__Problem requirements__. Give back the lines below verbatim, omitting all pictures.

__Material provided__.
┌──
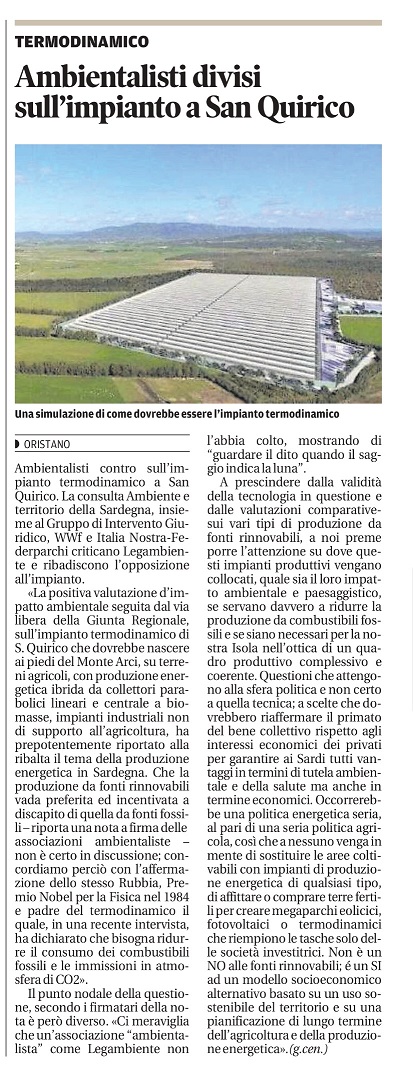 «Sì al termodinamico, ma non in aree agricole». Comitato di San Quirico e Gruppo di intervento giuridico replicano a Rubbia. Garau: «Non hanno scelto una zona industriale perché costerebbe di più». (Roberto Petretto) (http://www.lanuovasardegna.it/oristano/cronaca/2018/01/12/news/si-al-termodinamico-ma-non-in-aree-agricole-1.16343976?ref=hfnsorer-2)
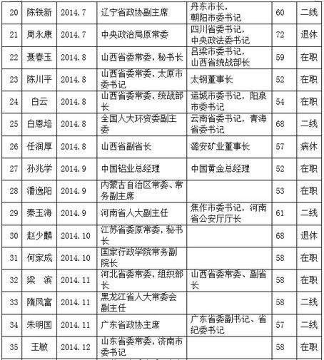 那么,“打虎放緩”是大家的錯(cuò)覺(jué)嗎?對(duì)比表格可以發(fā)現(xiàn),中央紀(jì)委在公布“老虎”時(shí),2014年曾經(jīng)多次出現(xiàn)過(guò)一天同時(shí)公布二至三人落馬的情況;而2015年,僅在兩會(huì)閉幕當(dāng)天出現(xiàn)過(guò)一天同時(shí)公布仇和、徐建一兩人落馬的情況,在發(fā)布的密集程度上,的確不如2014年勢(shì)頭“猛”。但仔細(xì)分析原因可以發(fā)現(xiàn),2014年同日公布的“老虎”往往是窩案、串案,如山西的塌方式腐敗導(dǎo)致杜善學(xué)、令政策同日公布,聶春玉、陳川平同日公布,任潤(rùn)厚、白云同日公布;以及趙少麟、何家成同日公布等。而2015年,沒(méi)有再出現(xiàn)山西塌方式腐敗這樣的極端案例,因此同日密集公布“老虎”的情況大為減少,這是合乎常理的。
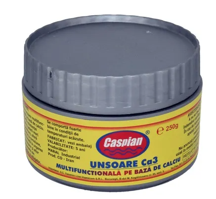 Vaselina Caspian CA3 500g Vaselina auto obtinuta din uleiuri cu un grad ridicat de rafinare. Este livrata cu aditivi de presiune extrema speciali inclusi, care îi confera proprietati antiuzura excelente, precum si o capacitate extraordinara de a functiona la temperaturi ridicate. Utilizari recomandate: Special recomandat în lubrifierea mecanismelor expuse alunecarii, încarcaturilor foarte mari si perioadelor lungi de lubrifiere. Lubrifierea lagarelor de alunecare, pivotului ciocanului hidraulic, angrenajelor descoperite si rotilor de rezerva. Principalele calitati: Ofera siguranta suplimentara pentru punctele în care exista dificultati în lubrifiere sau în care în timpul functionarii echipamentului pot aparea conditii extreme. Caracteristici excelente de presiune extrema. Protectie buna împotriva oxidarii, coroziunii si ruginirii.
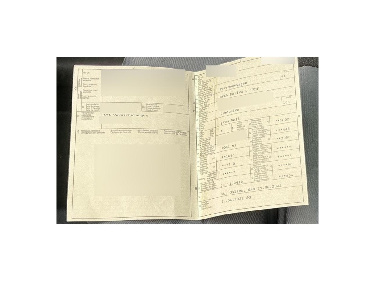 | Fahrzeugausweis | Vorhanden |
└──
__Answer space__.
 «Sì al termodinamico, ma non in aree agricole». Comitato di San Quirico e Gruppo di intervento giuridico replicano a Rubbia. Garau: «Non hanno scelto una zona industriale perché costerebbe di più». (Roberto Petretto) (http://www.lanuovasardegna.it/oristano/cronaca/2018/01/12/news/si-al-termodinamico-ma-non-in-aree-agricole-1.16343976?ref=hfnsorer-2)
 那么,“打虎放緩”是大家的錯(cuò)覺(jué)嗎?對(duì)比表格可以發(fā)現(xiàn),中央紀(jì)委在公布“老虎”時(shí),2014年曾經(jīng)多次出現(xiàn)過(guò)一天同時(shí)公布二至三人落馬的情況;而2015年,僅在兩會(huì)閉幕當(dāng)天出現(xiàn)過(guò)一天同時(shí)公布仇和、徐建一兩人落馬的情況,在發(fā)布的密集程度上,的確不如2014年勢(shì)頭“猛”。但仔細(xì)分析原因可以發(fā)現(xiàn),2014年同日公布的“老虎”往往是窩案、串案,如山西的塌方式腐敗導(dǎo)致杜善學(xué)、令政策同日公布,聶春玉、陳川平同日公布,任潤(rùn)厚、白云同日公布;以及趙少麟、何家成同日公布等。而2015年,沒(méi)有再出現(xiàn)山西塌方式腐敗這樣的極端案例,因此同日密集公布“老虎”的情況大為減少,這是合乎常理的。
 Vaselina Caspian CA3 500g Vaselina auto obtinuta din uleiuri cu un grad ridicat de rafinare. Este livrata cu aditivi de presiune extrema speciali inclusi, care îi confera proprietati antiuzura excelente, precum si o capacitate extraordinara de a functiona la temperaturi ridicate. Utilizari recomandate: Special recomandat în lubrifierea mecanismelor expuse alunecarii, încarcaturilor foarte mari si perioadelor lungi de lubrifiere. Lubrifierea lagarelor de alunecare, pivotului ciocanului hidraulic, angrenajelor descoperite si rotilor de rezerva. Principalele calitati: Ofera siguranta suplimentara pentru punctele în care exista dificultati în lubrifiere sau în care în timpul functionarii echipamentului pot aparea conditii extreme. Caracteristici excelente de presiune extrema. Protectie buna împotriva oxidarii, coroziunii si ruginirii.
 | Fahrzeugausweis | Vorhanden |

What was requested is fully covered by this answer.